When I was 36 I began to have excruciating pelvic pain. It was not just during my monthly cycles, but all month long. It was making me physically ill in many ways. My hair was falling out, large amounts at a time. I was having to take several naps each day just to make it through. I would nod off while driving (that was scary!), to the point where I stopped driving all together as much as possible.

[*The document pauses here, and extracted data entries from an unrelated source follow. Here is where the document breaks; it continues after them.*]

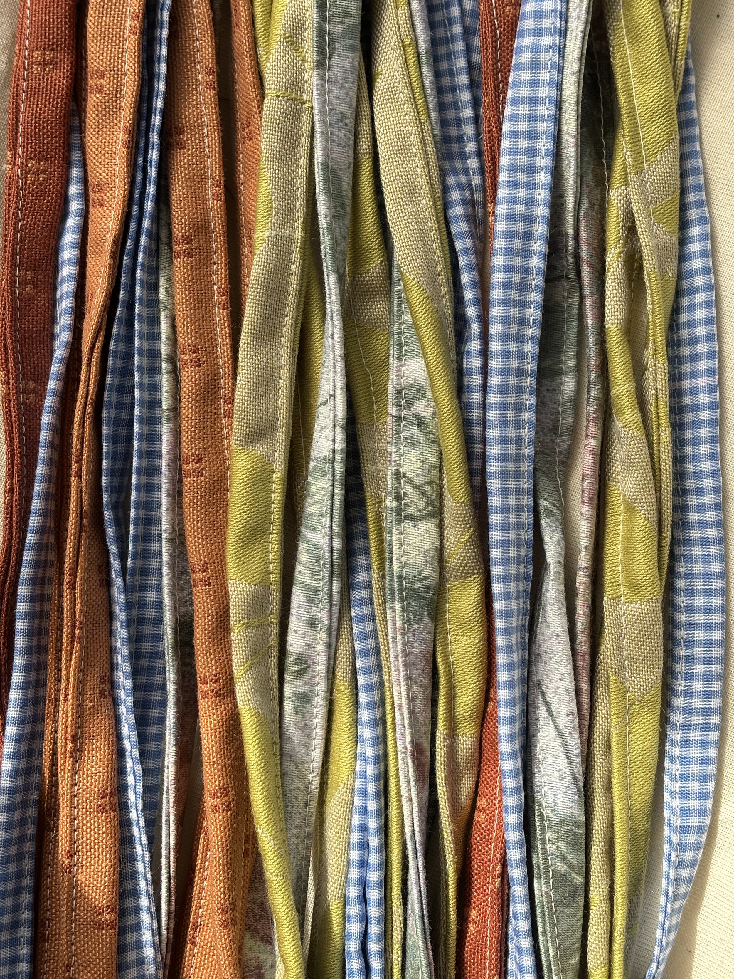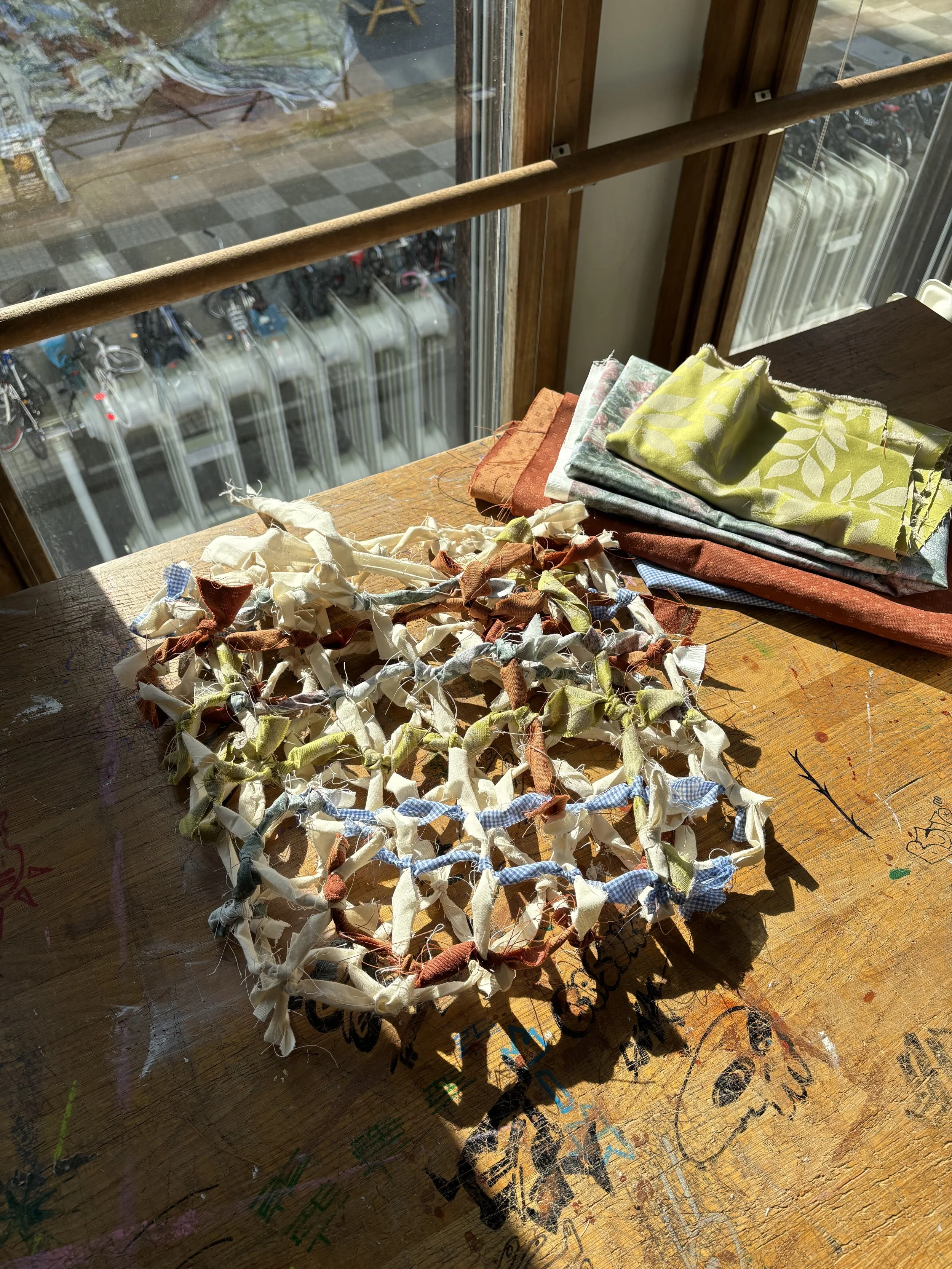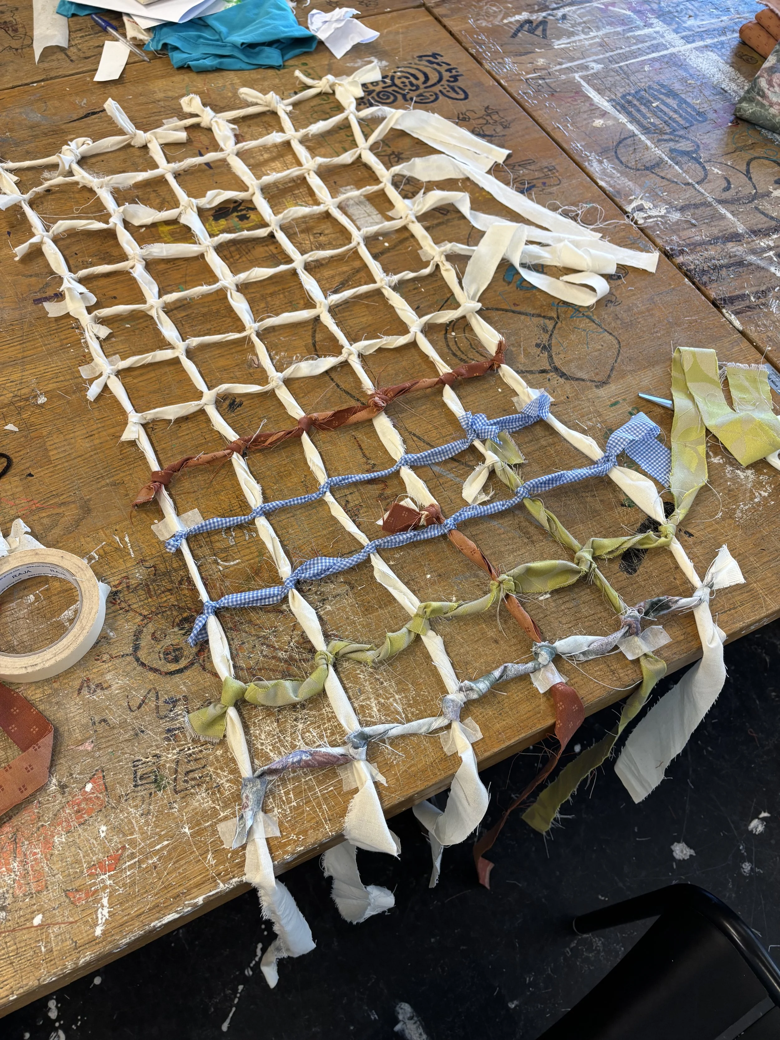 Through prototyping I discovered that sewing the fabric into long individual strips held the strongest or stiffest form, so I began production by sewing many of these long strips to make a grid.
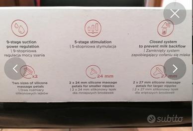 Vendo tiralatte elettrico doppio InnoGIO GIOlatte (modello GIO-355), Nuovo, pagato €109,00 mai estratto dalla confezione, un top di gamma per praticità e comfort. È la soluzione ideale per le mamme che cercano efficienza, velocità e delicatezza in un unico dispositivo. Perché scegliere questo modello: Massima Efficienza (Doppio o Singolo): Può essere utilizzato contemporaneamente su entrambi i seni per dimezzare i tempi di estrazione, oppure come tiralatte singolo a seconda della necessità. Comfort Personalizzato: Dispone di 2 modalità di funzionamento (Stimolazione per avviare il flusso e Aspirazione profonda) con ben 9 livelli di intensità regolabili tramite il moderno display LED touch. Senza Fili e Portatile: Grazie alla batteria ricaricabile integrata ad alta capacità, puoi usarlo ovunque senza l'ingombro di cavi (fino a 150 minuti di autonomia). Silenzioso e Discreto: Progettato per essere ultra-silenzioso, perfetto per sessioni notturne senza disturbare il riposo del bambino. Igiene e Sicurezza: Realizzato con materiali di alta qualità senza BPA. Il design evita il riflusso del latte, garantendo la massima igiene per te e il tuo piccolo. Incluso nella confezione: Corpo motore con display LED retroilluminato. 2 Kit di estrazione completi di biberon e 2 coppie di coppe in silicone morbido. Cavo di ricarica USB. Ottimo anche come idea regalo, data l'integrità della scatola.NUOVO, mai estratto dalla confezione originale.
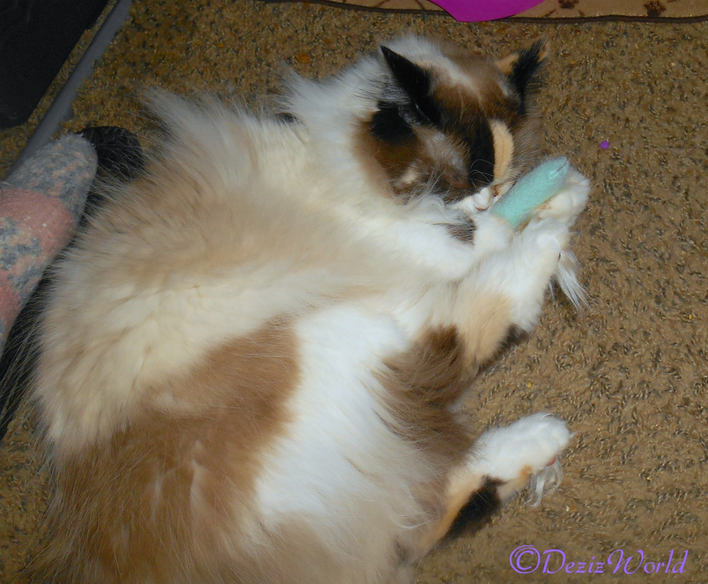 Really sissy? Why would any kitty wanna miss night time cuddles? I’s can’t ‘magine missin’ cuddles with mommy to play. We can do that any time. Meowin’ of, we better go play befur mommy tries to pack up our toys.
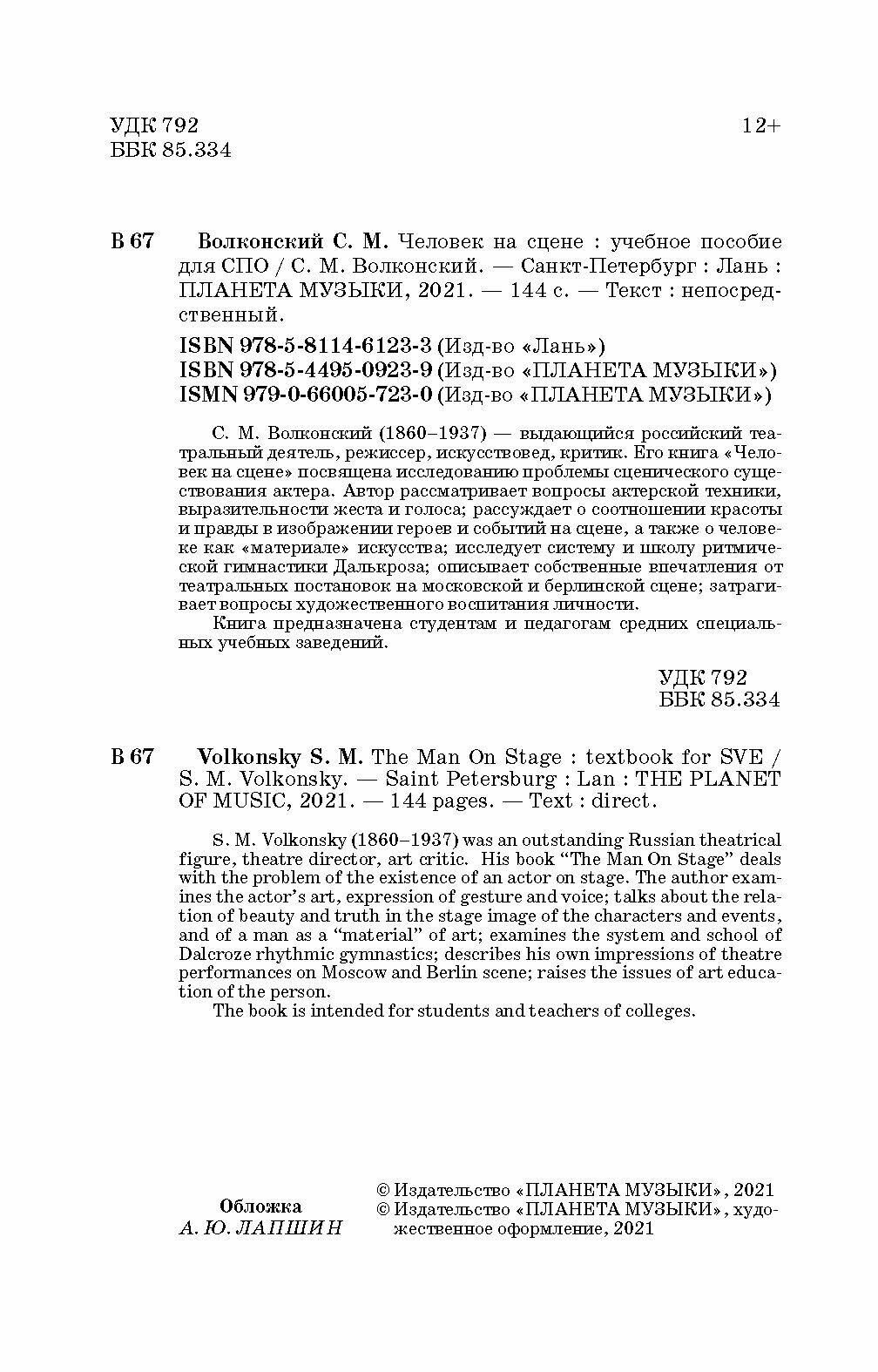 Книга: Человек на сцене (Сергей Волконский); Издательство «Планета музыки», 2022
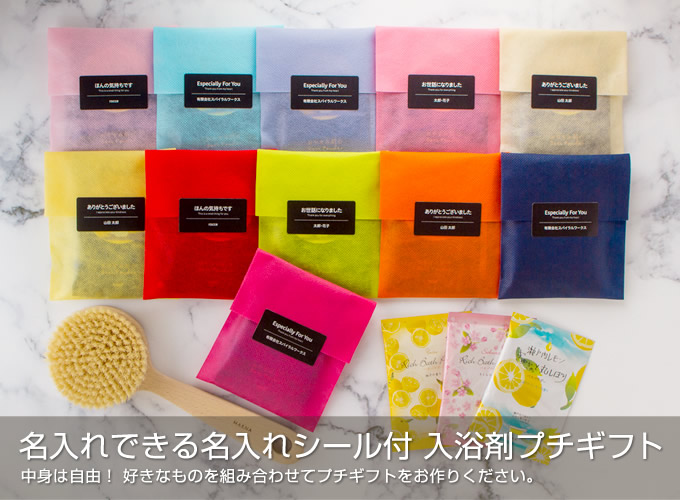 | 不織袋に入浴剤を入れて、名入れができるギフトシールで留めました。 こちらでご用意した内容でしたら、今すぐ買物かごでご注文可能! 中身をカスタマイズしたい場合は、こちらからどうぞ。 |
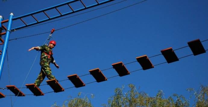 緬甸橋。這是一個有三條繩索構成的高空項目。官兵需要依靠自身力量,完成從繩索一段到另一端的穿越。 典型案例:小明軍事訓練五公里、隊列、擒敵樣樣拿手,唯有四百米障礙成績一直不及格。心理咨詢師經過了解后得知小趙患有恐高癥,訓練時,一遇高板和壕溝就膽怯。針對這一情況,心理咨詢師擬定了詳細方案,通過反復“登高...

After several months of suffering with this while I prayed for God's guidance and healing, I finally found help for my problem through an out-of-state specialist. I truly believed that God had led me to this specialist and trusted that he could help me feel better and be able to function again. I told the specialist that I very much wanted to keep my uterus no matter what. I was still young and didn't know how it would affect me to have it removed at that point in my life. However, due to the high amount of trust I had in this doctor and in the Lord directing my path, I agreed to leave the final decision up to him during surgery. If my uterus seemed to be in such bad shape that he thought it best to remove it, I would agree to it. But I continued to stress to him that I really wanted it saved, if at all possible. I honestly thought it would not need to be removed and that the symptoms I was experiencing were caused by issues I have had flare up from time to time for many years. When I woke up after the surgery--still in the recovery room, the first thing I asked was, "Was he able to save my uterus?" The nurses said that no, the doctor needed to remove it. I felt like I had emotionally been hit by a truck. I was filled with anguish. How could this have happened to me? It was so hard for me to grasp. I just sobbed my heart out right there in post-op!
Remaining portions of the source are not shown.